Ralph F. Fischer (Gen. Dir. Adj. Dept.)
Tom signed it with a scrolly, illegible signature. He put the other forms away in case Bob should come in suddenly, and picked up the telephone. He had decided to give Mr Reddington a preliminary prod. He got Mr Reddington's number from information and called it. Mr Reddington was at home. Tom explained the situation briefly, and expressed surprise that Mr Reddington had not yet received the notice from the Adjusting Department.
'That should have gone out a few days ago,' Tom said. 'You'll undoubtedly get it tomorrow. We've been a little rushed around here.'
'But I've paid my tax,' said the alarmed voice at the other end. 'They were all -'
'These things can happen, you know, when the income's earned on a freelance basis with no withholding tax. We've been over your return very carefully, Mr Reddington. There's no mistake. And we wouldn't like to slap a lien on the office you work for or your agent or whatever -' Here he chuckled. A friendly, personal chuckle generally worked wonders.'- but we'll, have to do that unless you pay within forty-eight hours. I'm sorry the notice hasn't reached you before now. As I said, we've been pretty -'
'Is there anyone there I can talk to about it if I come in?' Mr Reddington asked anxiously. 'That's a hell of a lot of money!'
'Well, there is, of course.' Tom's voice always got folksy at this point. He sounded like a genial old codger of sixty-odd, who might be as patient as could be if Mr Reddington came in, but who wouldn't yield by so much as a red cent, for all the talking and explaining Mr Reddington might do. George McAlpin represented the Tax Department of the United States of America, suh. 'You can talk to me, of course,' Tom drawled, 'but there's absolutely no mistake about this, Mr Reddington. I'm just thinking of saving you your time. You can come in if you want to, but I've got all your records right here in my hand.'
Silence. Mr Reddington wasn't going to ask him anything about records, because he probably didn't know what to begin asking. But if Mr Reddington were to ask him to explain what it was all about, Tom had a lot of hash about net income versus accrued income, balance due versus computation, interest at six per cent annum accruing from due date of the tax until paid on any balance which represents tax shown on original return, which he could deliver in a slow voice as incapable of interruption as a Sherman tank. So far, no one had insisted in coming in person to hear more of that. Mr Reddington was backing down, too. Tom could hear it in the silence.

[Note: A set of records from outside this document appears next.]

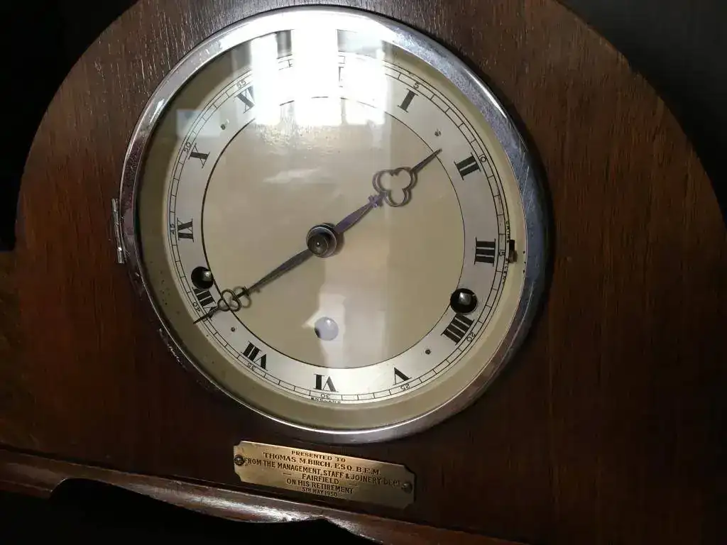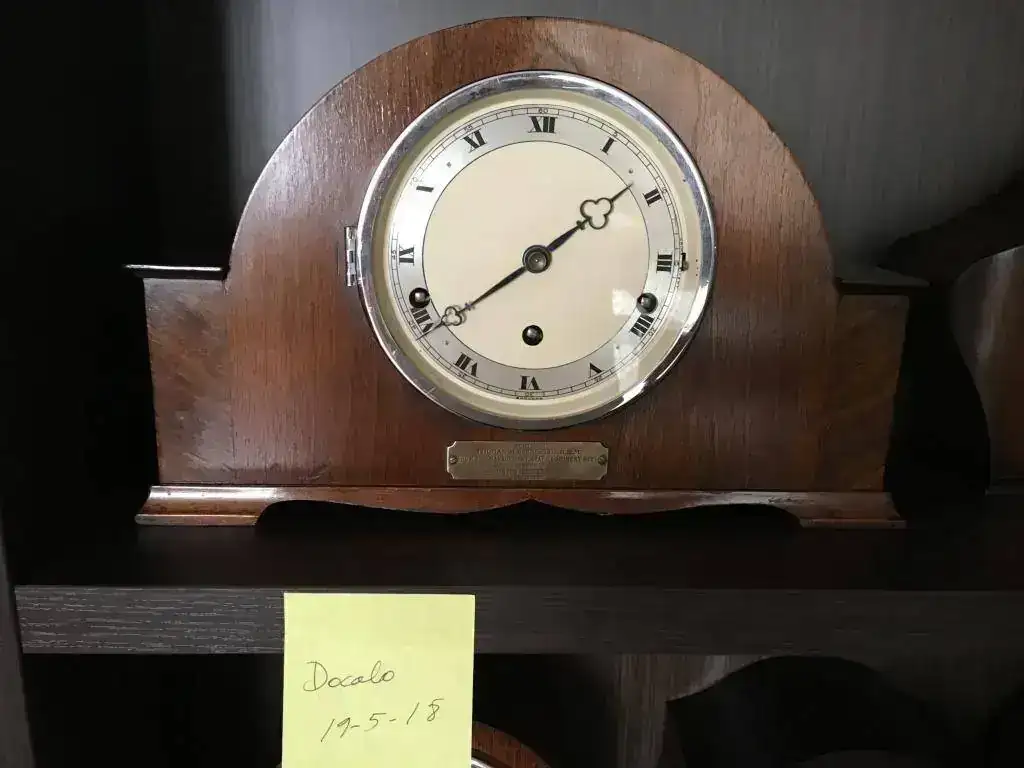 Reloj de sobremesa de la prestigiosa marca Elliott of London fabricado en los años 50 en Reino Unido. Maquinaria carrillon Westminster tocando todos los cuartos y las horas con la melodía Westminster, a excepcion de unas campanadas muy raras que da en las medias y que yo no he conseguido reparar, maquinaria decorada con escape por pendulo, limpia y aceitada. Mide 34x24cm. Estado y funcionamiento excelente, a excepcion del problema comentado. 99€ con el envio incluido. si no conoceis la marca, vale la pena hechar un vistazo en google para valorar su calidad. no dispongo de la llave.
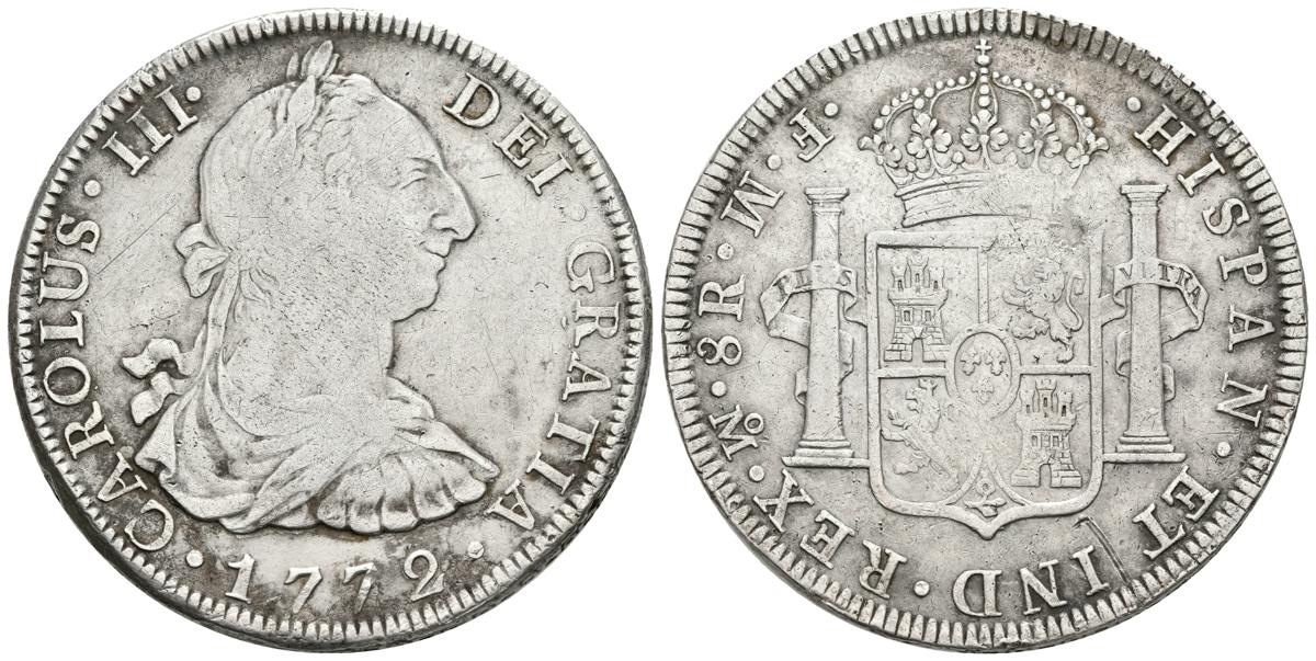 CARLOS III. 8 Reales. 1772. México FM. Ceca y ensayadores invertidos. Primer año de este busto. Cal-916. Ar. 26,77g. MBC-.
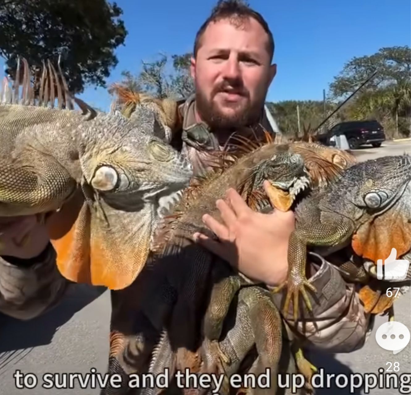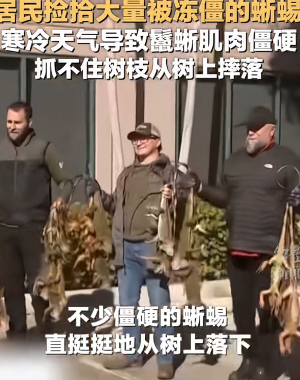 大批绿鬣蜥直接冻僵从树上掉线,主打一个高空“坠蜥”名场面,冷血的它一遇低温就秒变木头,回暖还能复活,当地急喊别乱碰,捕手两天薅走2500只,寒潮专治入侵物种!
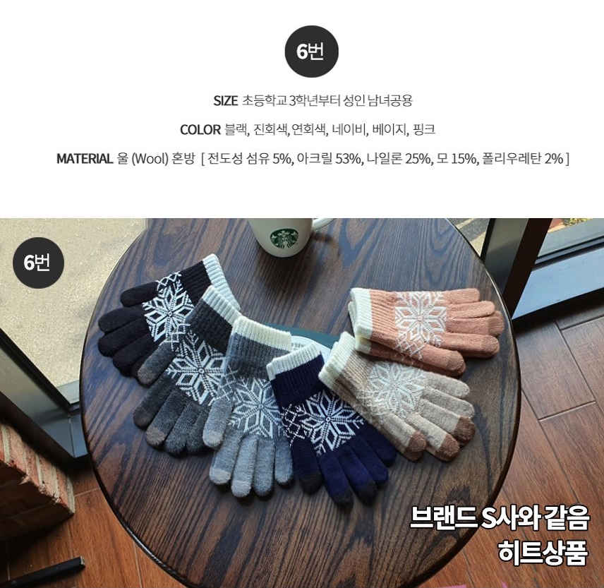 스마트폰 터치장갑- 6번 /기모안감/겨울철 보온, 방한
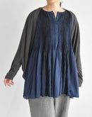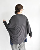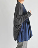 スラブ感のあるコットン100%のカットソー素材を使用。 とっさの日除けよけや冷房よけに活躍する厚手すぎず、程よく目の詰まった生地がポイント。 短丈袖で長方形型に横に広く巾をとった形は、着用時に腕や腰回りをカバーしてくれるシルエットに。 天地逆に袖を通しても問題なく着用出来るのも着用の手軽さのポイント。 半分に綺麗に折って肩に掛けたり、さらに細長くして首に巻いてストールとしても使えるマルチボレロ。
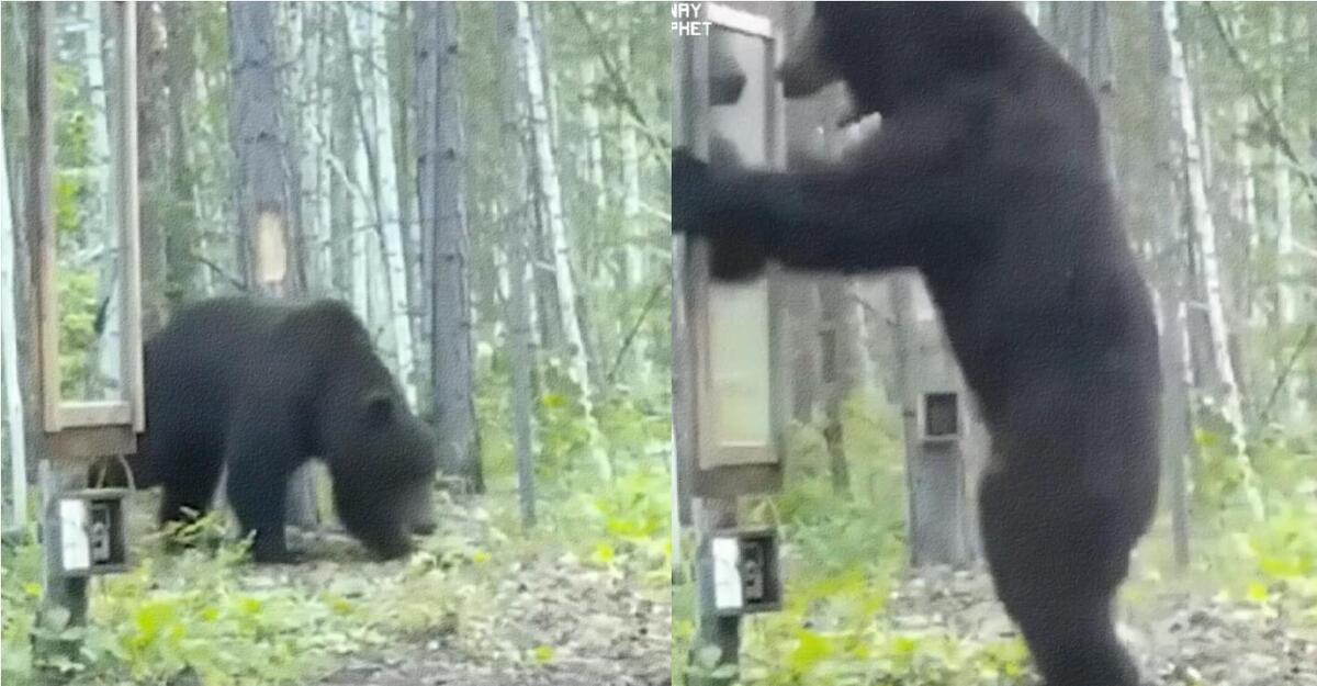 Gấu giật bắn người, hoảng loạn khi thấy mình trong gương
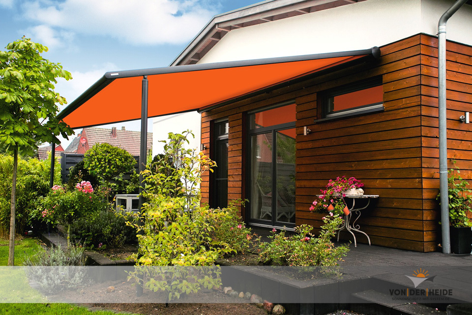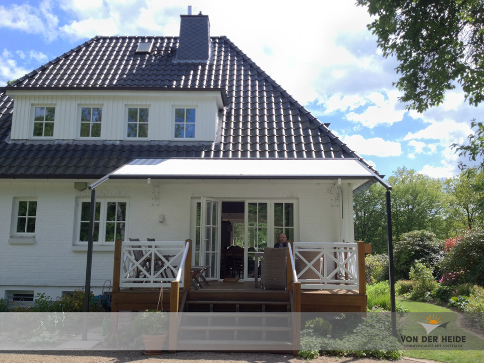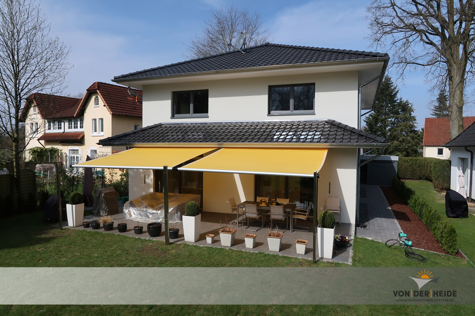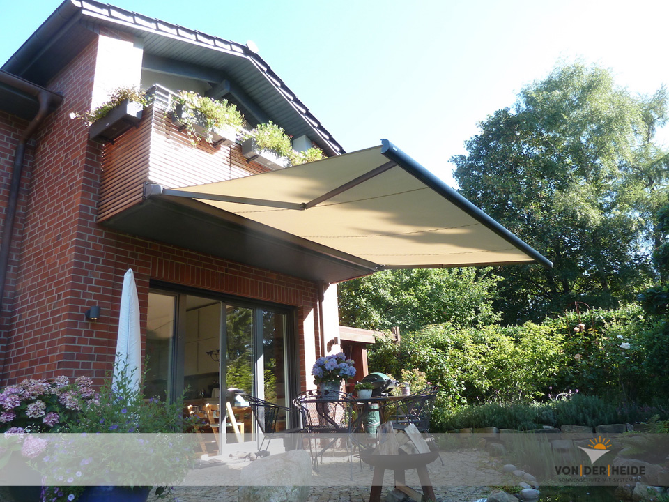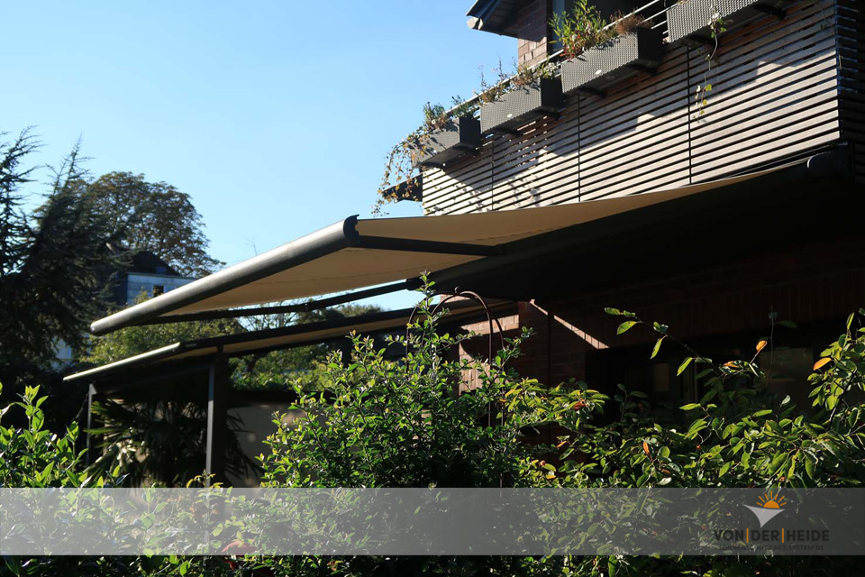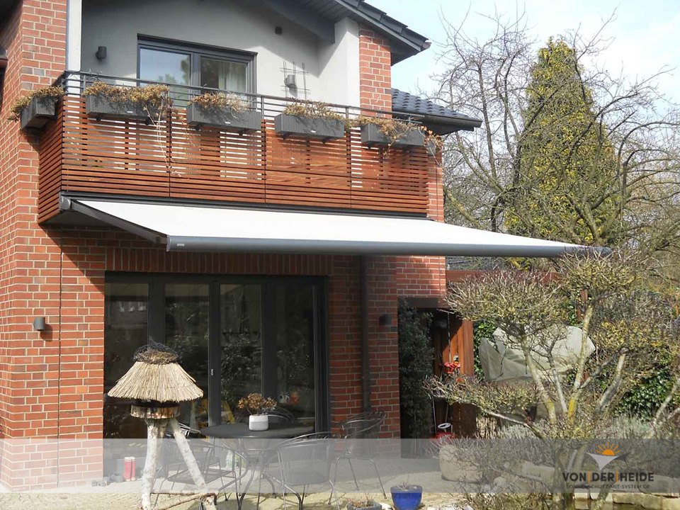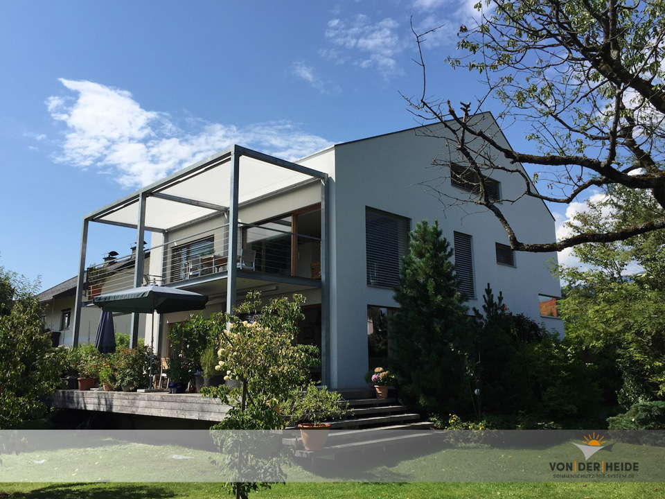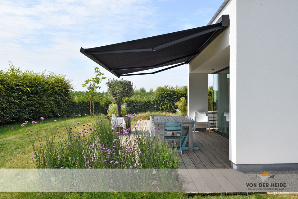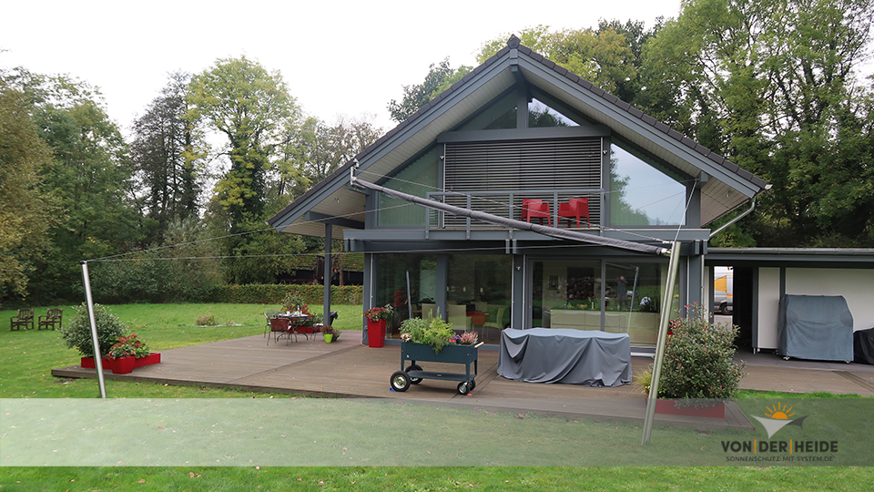 Häuser mit breiten Terrassen und hohen Traufen bieten sich ideal für Markisensegel an. Unter dem Dachüberstand ist die Tuchwelle automatisch vor Verschmutzung geschützt.
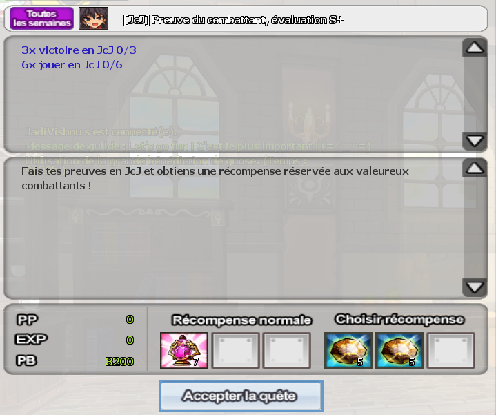 Je viens de remarquer cette petite quête semaine et je me demandais si elle était permanente ? Logiquement oui vu qu'elle n'est pas dans l'onglet d'évent mais on sait jamais, je préfère demander !

'All right,' Mr Reddington said in a tone of collapse. I'll read the notice when I get it tomorrow.'
'All right, Mr Reddington,' he said, and hung up.
Tom sat there for a moment, giggling, the palms of his thin hands pressed together between his knees. Then he jumped up, put Bob's typewriter away again, combed his light-brown hair neatly in front of the mirror, and set off for Radio City.